**Task data**.
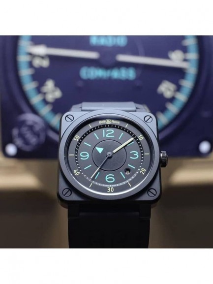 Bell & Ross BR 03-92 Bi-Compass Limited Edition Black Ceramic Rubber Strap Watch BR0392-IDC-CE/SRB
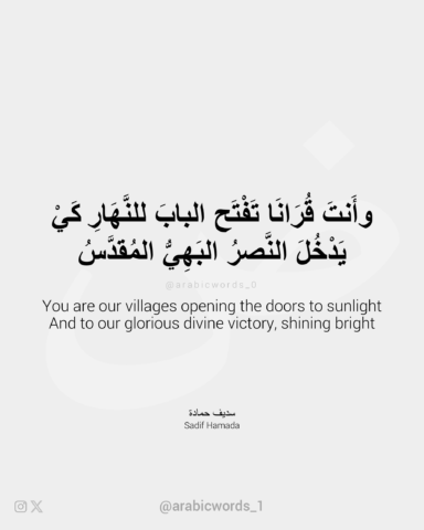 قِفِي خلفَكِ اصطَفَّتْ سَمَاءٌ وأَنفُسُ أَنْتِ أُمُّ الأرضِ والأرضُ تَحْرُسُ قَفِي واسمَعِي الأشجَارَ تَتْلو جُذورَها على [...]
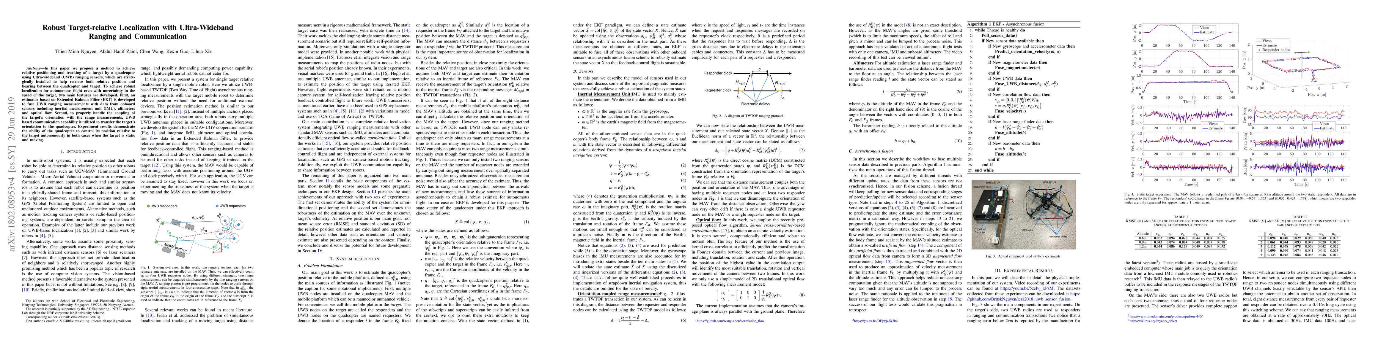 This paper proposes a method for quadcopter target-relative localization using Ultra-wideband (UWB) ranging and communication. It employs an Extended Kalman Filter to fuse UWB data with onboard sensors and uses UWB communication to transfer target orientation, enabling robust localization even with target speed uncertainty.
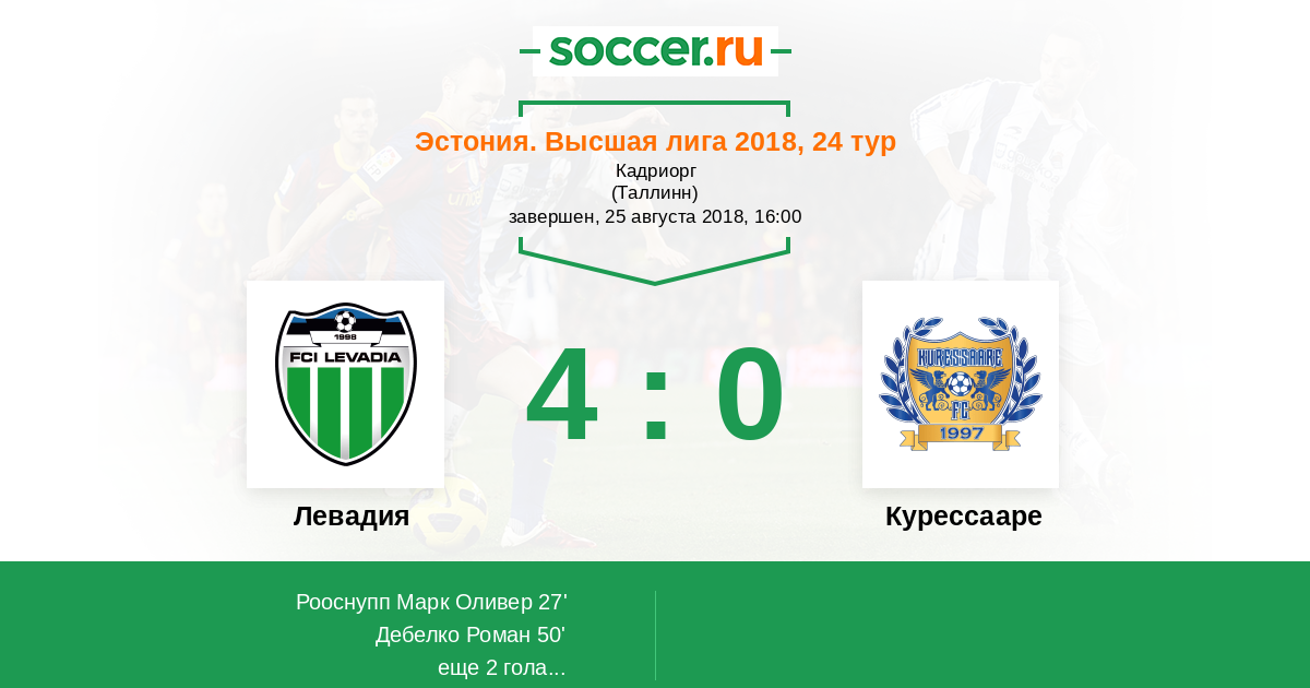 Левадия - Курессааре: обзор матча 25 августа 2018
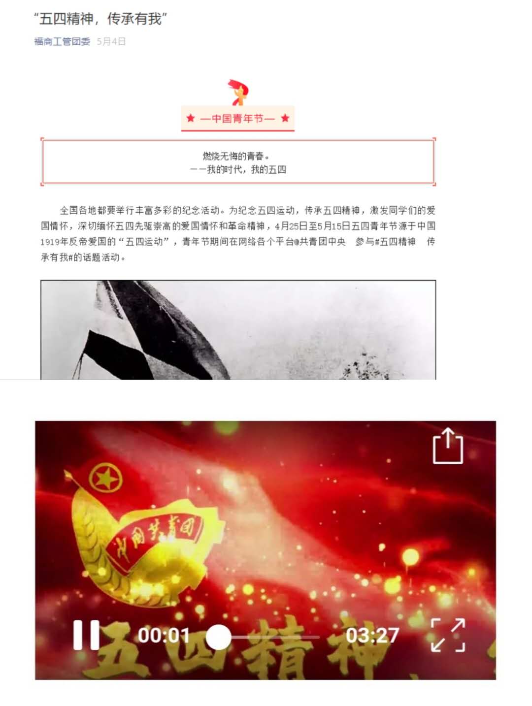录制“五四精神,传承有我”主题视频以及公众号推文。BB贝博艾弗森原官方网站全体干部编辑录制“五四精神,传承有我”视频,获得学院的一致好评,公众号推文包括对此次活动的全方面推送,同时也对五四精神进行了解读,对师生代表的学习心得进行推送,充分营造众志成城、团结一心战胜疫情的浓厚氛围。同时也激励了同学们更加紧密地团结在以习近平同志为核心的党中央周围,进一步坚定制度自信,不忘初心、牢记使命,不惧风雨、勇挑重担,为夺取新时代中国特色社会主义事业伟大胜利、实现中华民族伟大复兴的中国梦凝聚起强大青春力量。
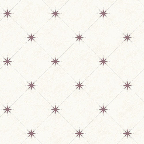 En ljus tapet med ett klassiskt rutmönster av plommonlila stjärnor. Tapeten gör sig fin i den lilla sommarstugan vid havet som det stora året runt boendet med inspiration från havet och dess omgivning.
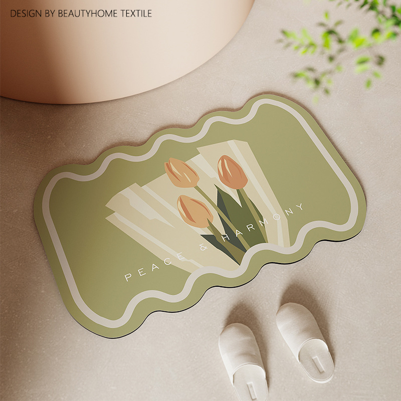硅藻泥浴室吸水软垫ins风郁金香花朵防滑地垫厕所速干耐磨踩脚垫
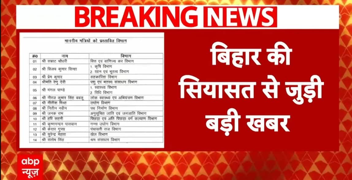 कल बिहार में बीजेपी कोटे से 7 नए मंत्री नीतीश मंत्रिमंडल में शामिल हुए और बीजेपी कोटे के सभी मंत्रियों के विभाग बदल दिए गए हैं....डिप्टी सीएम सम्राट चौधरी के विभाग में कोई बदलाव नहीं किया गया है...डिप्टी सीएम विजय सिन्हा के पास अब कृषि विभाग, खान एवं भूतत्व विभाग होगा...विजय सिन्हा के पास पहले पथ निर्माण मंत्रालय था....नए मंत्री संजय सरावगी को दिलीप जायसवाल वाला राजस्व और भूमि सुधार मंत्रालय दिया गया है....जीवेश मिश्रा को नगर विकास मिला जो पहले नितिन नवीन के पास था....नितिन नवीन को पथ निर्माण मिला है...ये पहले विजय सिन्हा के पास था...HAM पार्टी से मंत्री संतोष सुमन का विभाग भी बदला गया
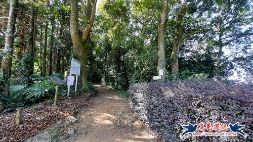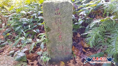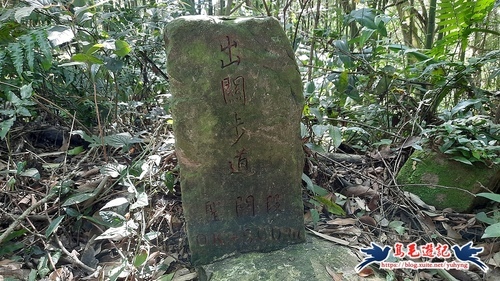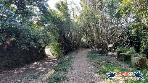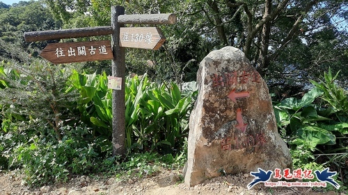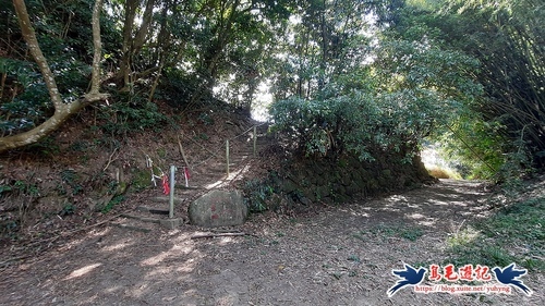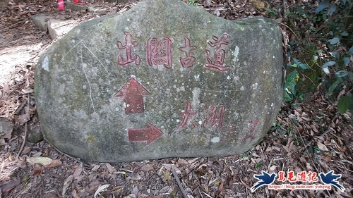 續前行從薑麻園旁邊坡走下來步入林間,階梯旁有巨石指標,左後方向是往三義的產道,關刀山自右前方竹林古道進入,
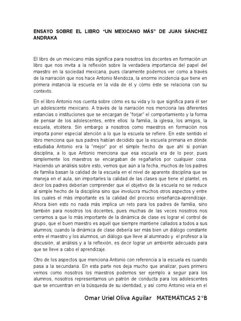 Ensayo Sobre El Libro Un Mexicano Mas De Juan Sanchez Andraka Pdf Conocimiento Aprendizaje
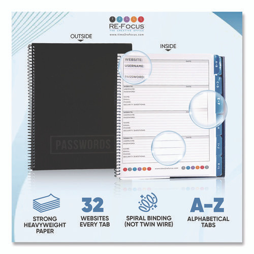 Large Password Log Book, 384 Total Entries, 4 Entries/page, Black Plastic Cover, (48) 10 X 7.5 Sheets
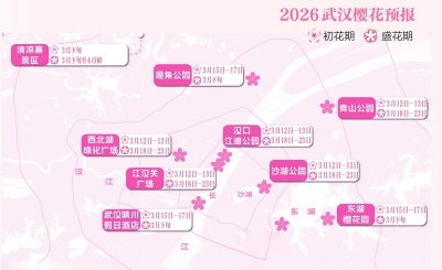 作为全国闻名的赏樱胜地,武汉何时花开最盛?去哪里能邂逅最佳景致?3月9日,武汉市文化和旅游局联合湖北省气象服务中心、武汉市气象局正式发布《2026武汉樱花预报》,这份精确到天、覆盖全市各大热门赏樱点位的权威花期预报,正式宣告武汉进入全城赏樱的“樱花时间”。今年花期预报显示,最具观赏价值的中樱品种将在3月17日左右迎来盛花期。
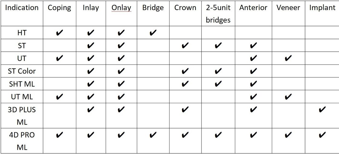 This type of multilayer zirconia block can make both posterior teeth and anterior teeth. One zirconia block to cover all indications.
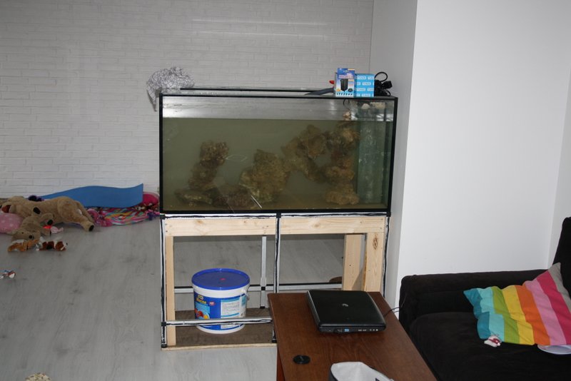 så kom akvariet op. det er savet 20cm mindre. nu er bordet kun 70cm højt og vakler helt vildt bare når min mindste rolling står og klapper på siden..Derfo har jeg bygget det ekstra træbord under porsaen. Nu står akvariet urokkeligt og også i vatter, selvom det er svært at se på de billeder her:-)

**Problem statement**.
What is needed is an exact copy of the lines from the start of the listing above through the line that holds "Левадия - Курессааре: обзор", with the pictures left out.

**Result of the task**.
 Bell & Ross BR 03-92 Bi-Compass Limited Edition Black Ceramic Rubber Strap Watch BR0392-IDC-CE/SRB
 قِفِي خلفَكِ اصطَفَّتْ سَمَاءٌ وأَنفُسُ أَنْتِ أُمُّ الأرضِ والأرضُ تَحْرُسُ قَفِي واسمَعِي الأشجَارَ تَتْلو جُذورَها على [...]
 This paper proposes a method for quadcopter target-relative localization using Ultra-wideband (UWB) ranging and communication. It employs an Extended Kalman Filter to fuse UWB data with onboard sensors and uses UWB communication to transfer target orientation, enabling robust localization even with target speed uncertainty.
 Левадия - Курессааре: обзор матча 25 августа 2018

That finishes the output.